■ Problem description ■
Could you repeat the listing exactly, leaving out the pictures?

Input data section start

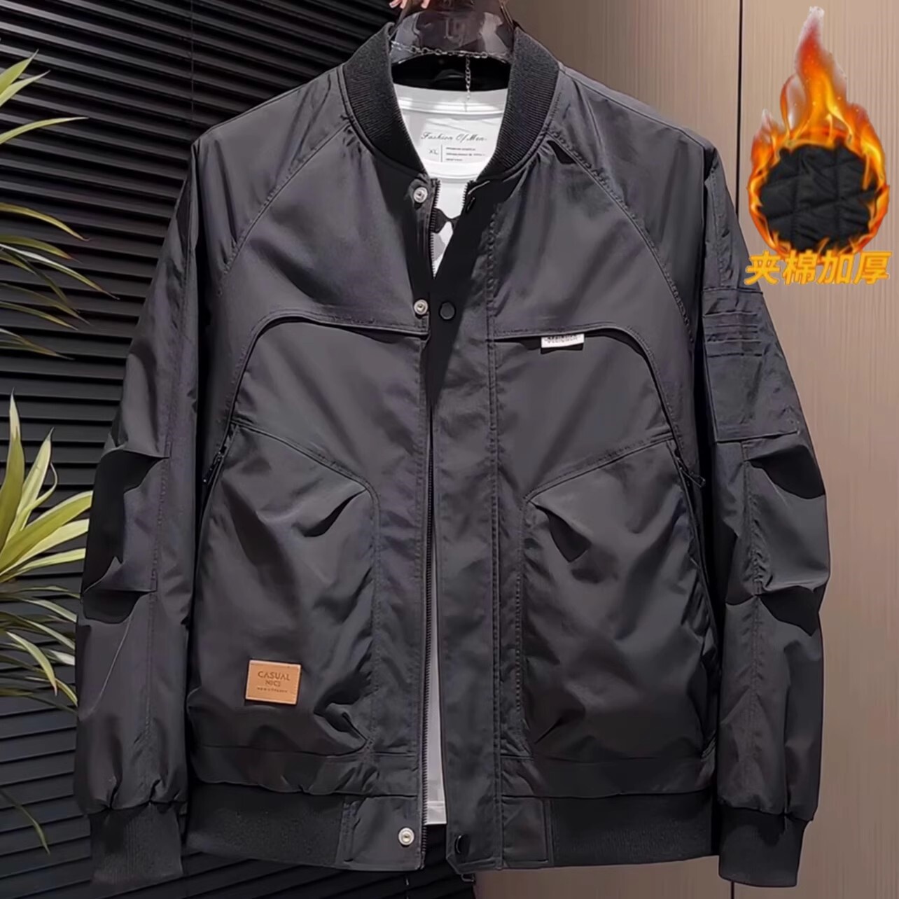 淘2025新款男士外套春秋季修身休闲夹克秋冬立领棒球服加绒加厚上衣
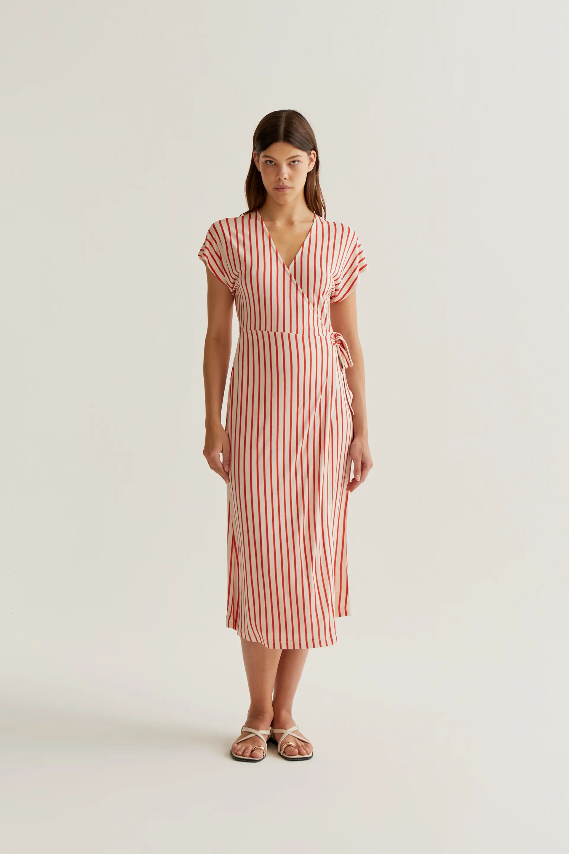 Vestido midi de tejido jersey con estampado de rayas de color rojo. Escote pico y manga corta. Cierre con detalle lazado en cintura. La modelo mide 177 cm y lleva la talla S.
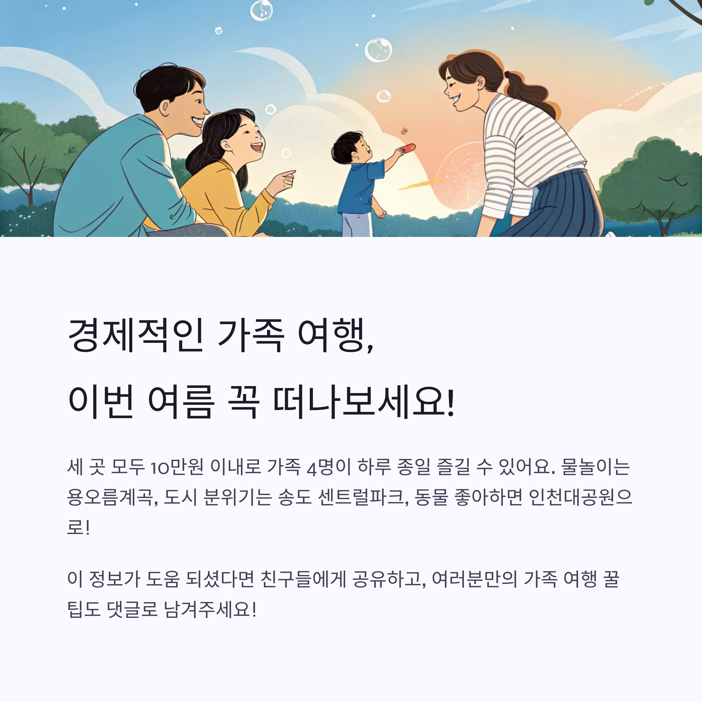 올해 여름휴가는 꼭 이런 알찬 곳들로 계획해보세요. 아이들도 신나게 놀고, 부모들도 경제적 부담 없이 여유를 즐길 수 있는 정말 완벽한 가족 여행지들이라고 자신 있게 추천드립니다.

Input data section end

■ Result of the exercise ■
 淘2025新款男士外套春秋季修身休闲夹克秋冬立领棒球服加绒加厚上衣
 Vestido midi de tejido jersey con estampado de rayas de color rojo. Escote pico y manga corta. Cierre con detalle lazado en cintura. La modelo mide 177 cm y lleva la talla S.
 올해 여름휴가는 꼭 이런 알찬 곳들로 계획해보세요. 아이들도 신나게 놀고, 부모들도 경제적 부담 없이 여유를 즐길 수 있는 정말 완벽한 가족 여행지들이라고 자신 있게 추천드립니다.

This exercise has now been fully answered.